There Will Be No Miracles Here
Page 36
That, in the final analysis, or my best analysis now, is what I realized that night: I had strived to win this world and won my death instead. Perhaps my tears were simply grief and I was not without all hope but tired . . . exhausted after a long journey in the wrong direction. You wonder why the world seems always headed in the wrong direction, too. In part, because young men like Casey Gerald set out to rule it.
And so I am glad that Casey Gerald died that night and the days thereafter—that he realized he was already dead, had been dead for a long time, had confused the most important words of all: life and death.

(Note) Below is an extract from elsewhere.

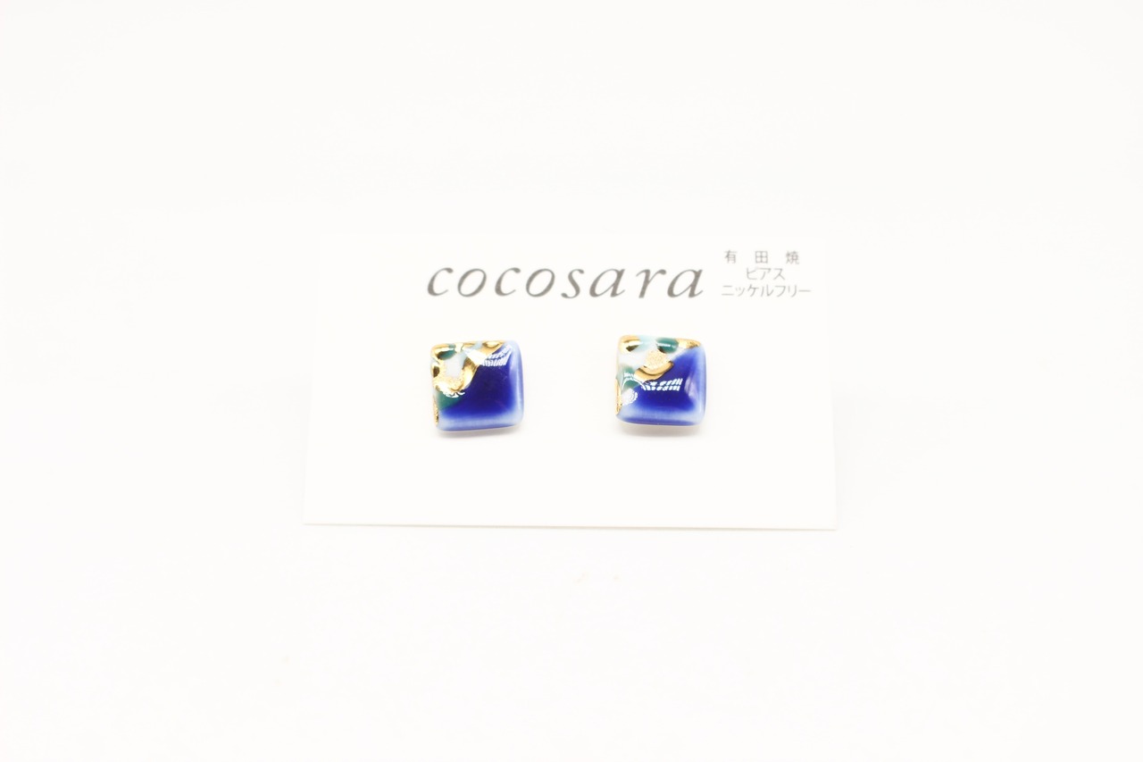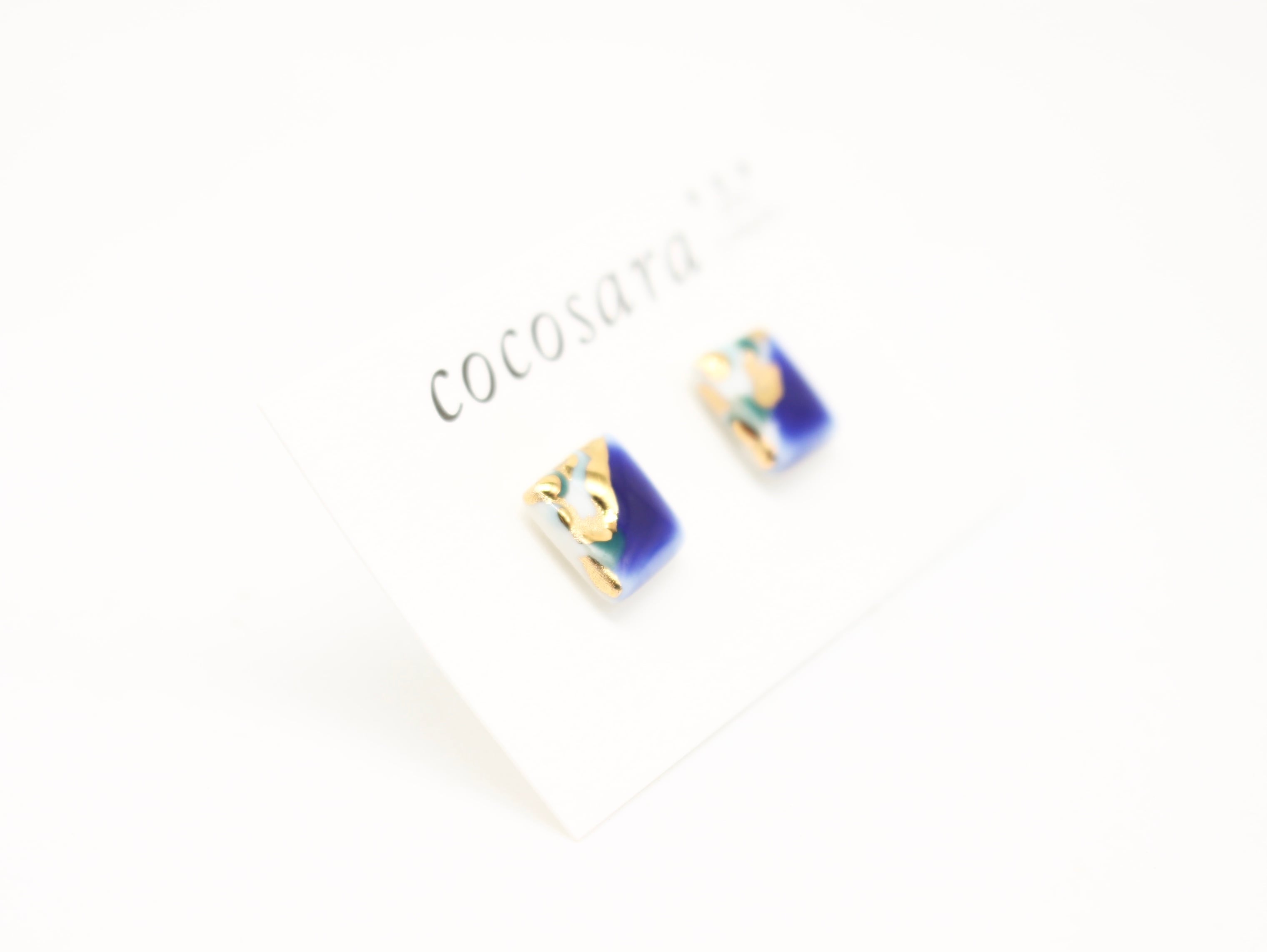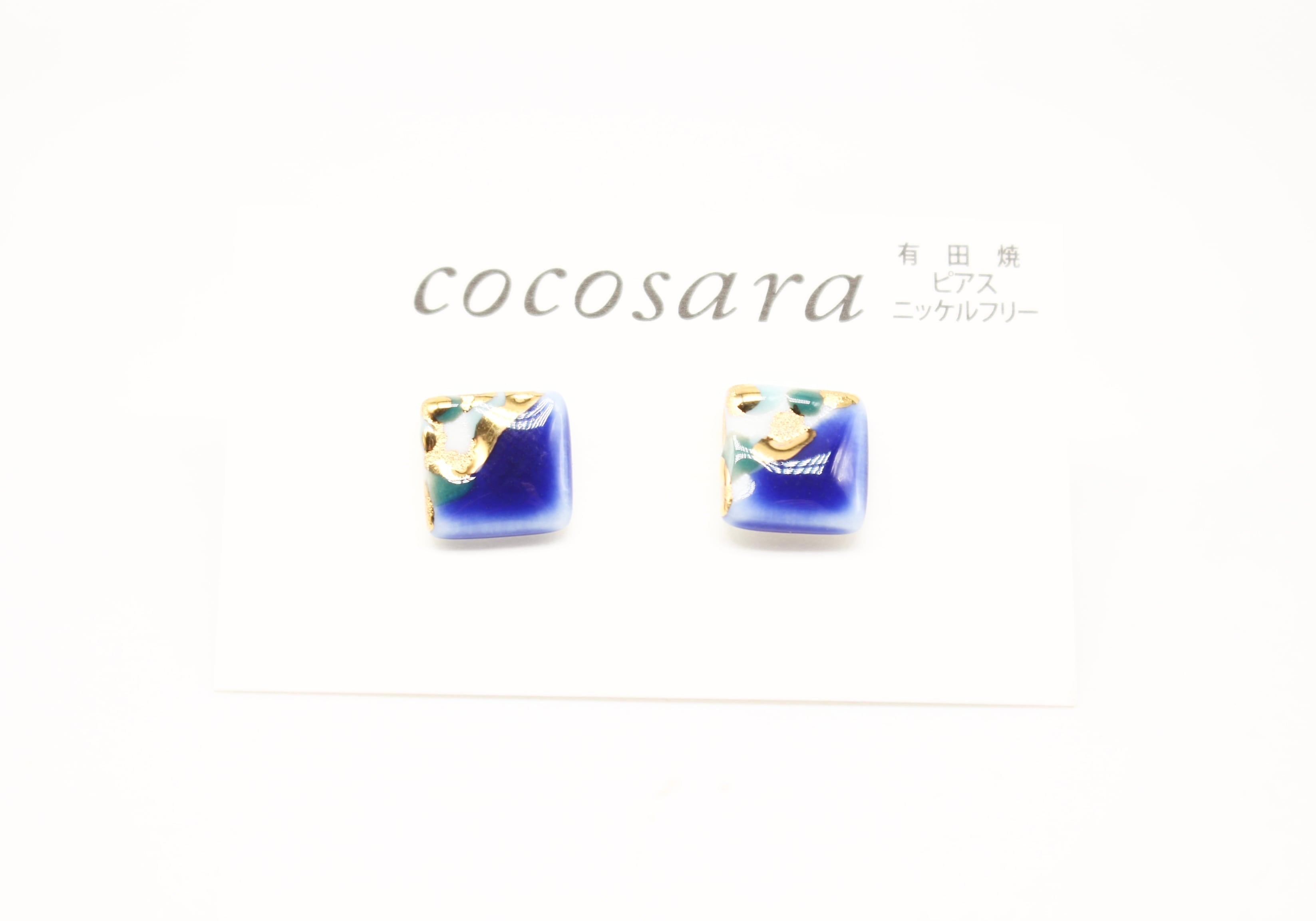 シンプルで美しい有田焼ピアス です。正方形のデザインがスタイリッシュで大人っぽい印象を与えます。特徴的な有田焼の風合いや色味を活かしたデザインなので、シンプルながらも存在感があります。一つ一つ手作業で丁寧に作られており、職人の技が光る逸品です。

I, whatever he became, am escaped alone to tell thee. I planned to tell my friend, too. I just ran out of time.
* * *
—
I was sitting alone on my couch, in a house that I rented in Texas to escape New York, or the life I had lived there, which we’ll get to, and to tell you this story. It was night, quiet outside and in. The light of one lamp, in the corner, shone on me and the couch and the book I was reading. My phone rang—Riley. I didn’t answer. He sent a message: Give me a call. Very important. I closed the book and called. He told me to sit down. I was already sitting down. He told me that Elijah was gone.
I closed my eyes, though I’m not sure why or for how long. We sat there—I sat there . . . don’t know what Riley was doing besides not talking—quiet, for what seemed like a long time. I have tried to find a way to tell you how I felt there on the couch, holding my phone. All I know is that I hope you never feel it and I’m sorry if you have. At some point I remembered that I was the elder, so I said something. Not sure what. I know we said I love you for the first time, before we hung up the phone. Think we meant it, though I bet I love you stood for many things we would have said if we had known what to say. I called Trevor, in California, that night. Or maybe the next morning, I really can’t remember which. He was the last person Elijah texted, was Elijah’s best friend, had just seen him, laughed with him, the weekend prior. Some things had not changed since they were seventeen, though so much had changed for both of them, for all of us, since we had met as boys those years ago. One being that we did not try to keep from crying with each other anymore.
Penny called the next day. I’d never heard her cry, either. She wanted to know what went wrong, what it all meant, what did I think. I thought she should have the answers, not me. I didn’t even have good questions. I did know one thing, or thought I knew it, which I told her: The way we were taught to be men, to be human beings even, was a dead end. I knew this to be true because I had learned it for myself and was trying to write it all down. I had found a witness in the book I was reading when Riley called, a book by José Muñoz, who is also gone but left his words.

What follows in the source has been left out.